When we got news of the extremes of these broken supply chains, and the effects they were having on our retailers and our suppliers to the retailers, we began to concentrate on our freight brokerage, to help all of them out with these dilemmas, so we could move their products for them outside of their large carrier contracts. Late last week we were brought into an opportunity to help a sizable company land, house, manipulate goods, build their item creation, and manage their data and distribution. People are diverting from the Port of LA and many other congested ports around the country. We have utilized our long-enduring relationships throughout this industry and country to help in situations like these. Our PT boat team, manned with the best in the business, curated our partners in different ports to divert this Client from Direct Import to Prepaid freight contracts and helped them get distribution going. Without this remixing, they would never have been able to make it to market.

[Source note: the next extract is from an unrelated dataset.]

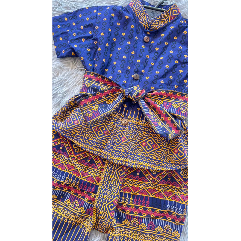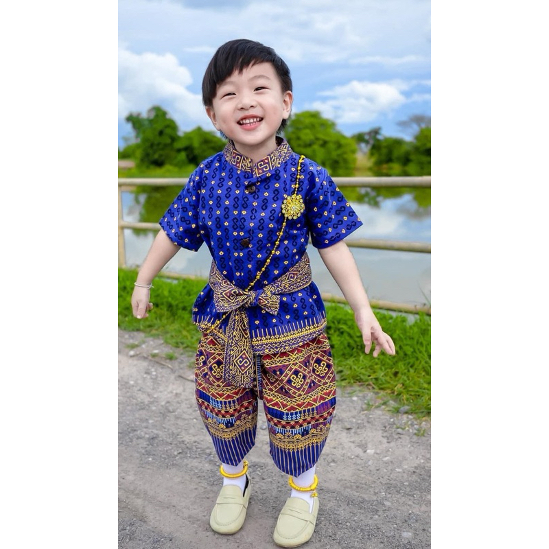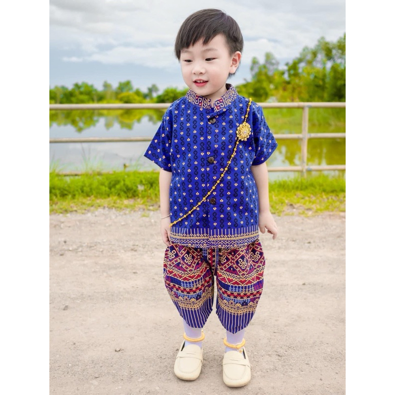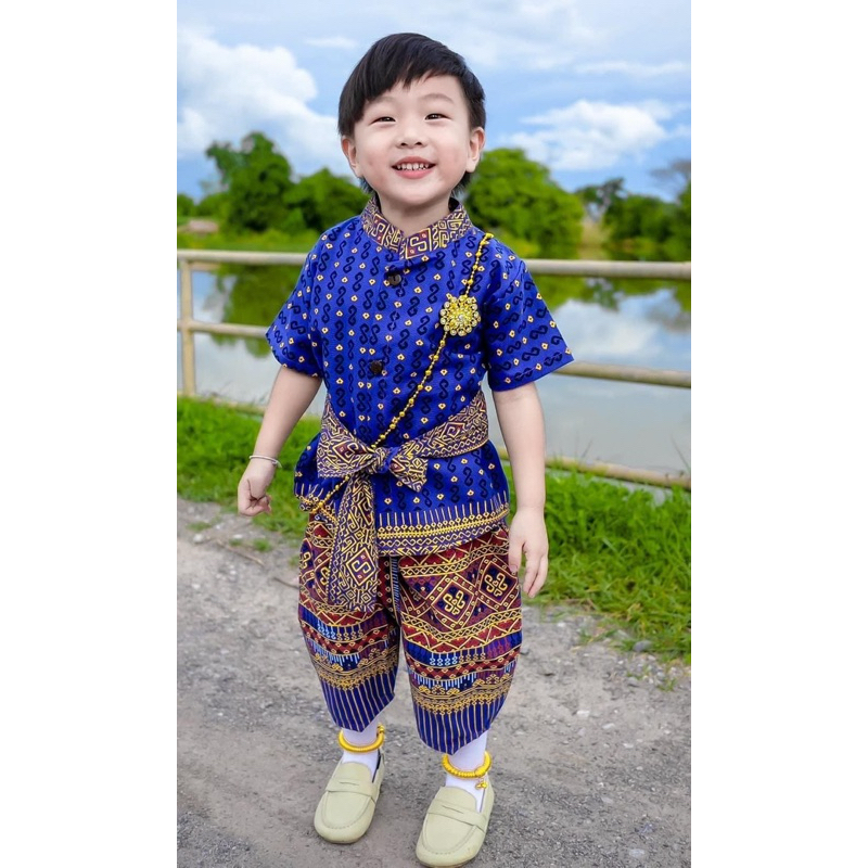 ?พร้อมส่ง?ชุดเด็กผ้าไทยลายตะขอสีน้ำเงินขับผิวดูผู้ดีมาก น่ารักสะดุดตา เนื้อผ้าฝ้ายพิมพ์ลายใส่สบายไม่ร้อนเซ็ท3ชิ้นเสื้อกับกางเกงโจงกระเบนและผ้าคาดเอว ชุดไทยเด็กประยุกต์ร่วมสมัยเพื่ออนุรักษ์วัฒนธรรมไทย

While this PT boat crew was in the midst of helping this Client come to America, we had another Client transition their business from our LA facilities to our Royal Bay facility in Chicagoland. This work is mostly data manipulation: pick and pack extremely valuable product that involves a tremendous amount of scanning and validation of data. Inside of 30 days, we reconfigured software, purchased hardware, and built processes and procedures to bring to Royal Bay and train our partners on the many intricacies of this build. We rotated two teams from LA in and out of the TAPA secured facility to execute the pilot order. The Client’s Supply Chain team came out to observe the processes and without fail we succeeded in bringing them to market, once again in a highly fractured supply chain situation and in a very quick amount of time. This was a highly successful manipulation put together by our PT boat specialists. Their spirit and determination brought forth their ability to beat extremes, eliminate waste, drive efficiency, and utilize technical skills of programming, data manipulation, and hardware development, to bring a new Client to market with a new and very innovative product. Our PT boat crew also taught our Royal Bay team how to be wildly successful with these types of manipulations and how to succeed in the future with many more of these types of builds. This is what Bay Cities is all about. Bringing resources, processes, technology, and grit together like a PT boat requisitioned to sink that battleship and win!